Records for the task
■ ■ ■ ■

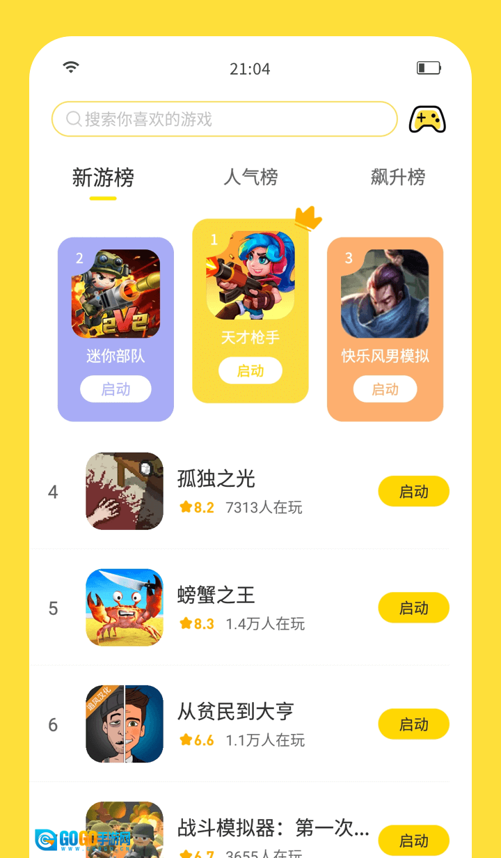 6、当你找到自己喜欢的游戏后,只需点击启动,就能免费畅玩。
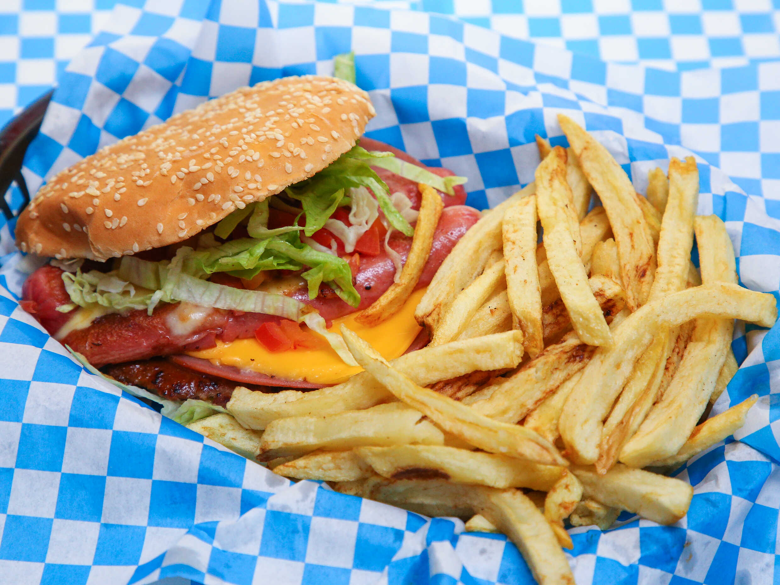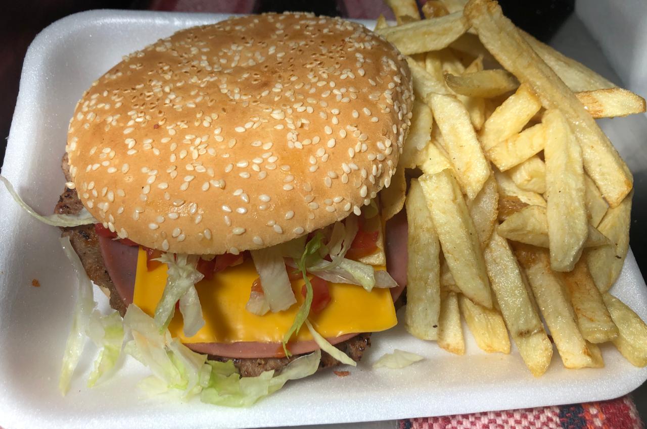 Carne de res preparada con receta de la casa, jamón, queso americano, tomate, cebolla, lechuga y mayonesa. Acompañada de papas fritas naturales.
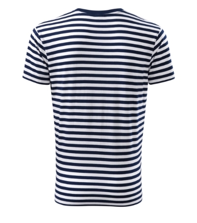 Streifen in weiß und marineblau, Schnitt mit Seitennähten, schmal geformter Kragensaum aus 1:1 Rippstrick mit 5 % Elastanzugabe, Innenseite des Kragens durch ein Band in T-Shirt Material versäubert, Schulternähte verstärkt mit einem Band
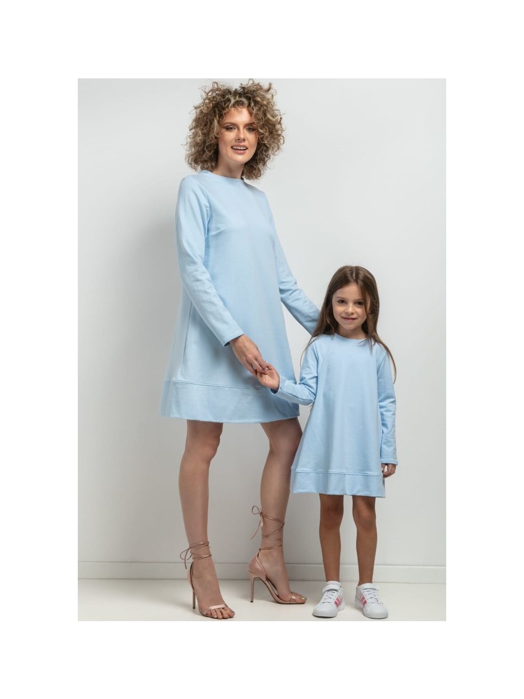 Světle modré dívčí šaty máma a dcera s ozdobným řasením ve spodní části
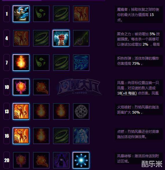 争议较大的就是凯子的13级天赋,到底选择连锁炸弹还是火焰喷射呢?基于目前版本趋势,个人觉得除非对面是4近战甚至5近战阵容,并且没有泰瑞尔、阿努巴拉克等突进英雄的前提下才考虑点连锁炸弹。之前版本还对连锁炸弹天赋进行过削弱(连锁炸弹天赋不会对已经受到活动炸弹效果的敌人再次施加活动炸弹效果),不推荐点。火焰喷射50%的射程提升效果还是很明显的,未见凯子先中Q的情况也让拥有凯子的局被戏称为“找凯子”。

■ ■ ■ ■

Activity
Put down exactly the lines of the data above that run from its first line through the line bearing "Carne de res", and no pictures.

Answer for this exercise
 6、当你找到自己喜欢的游戏后,只需点击启动,就能免费畅玩。
 Carne de res preparada con receta de la casa, jamón, queso americano, tomate, cebolla, lechuga y mayonesa. Acompañada de papas fritas naturales.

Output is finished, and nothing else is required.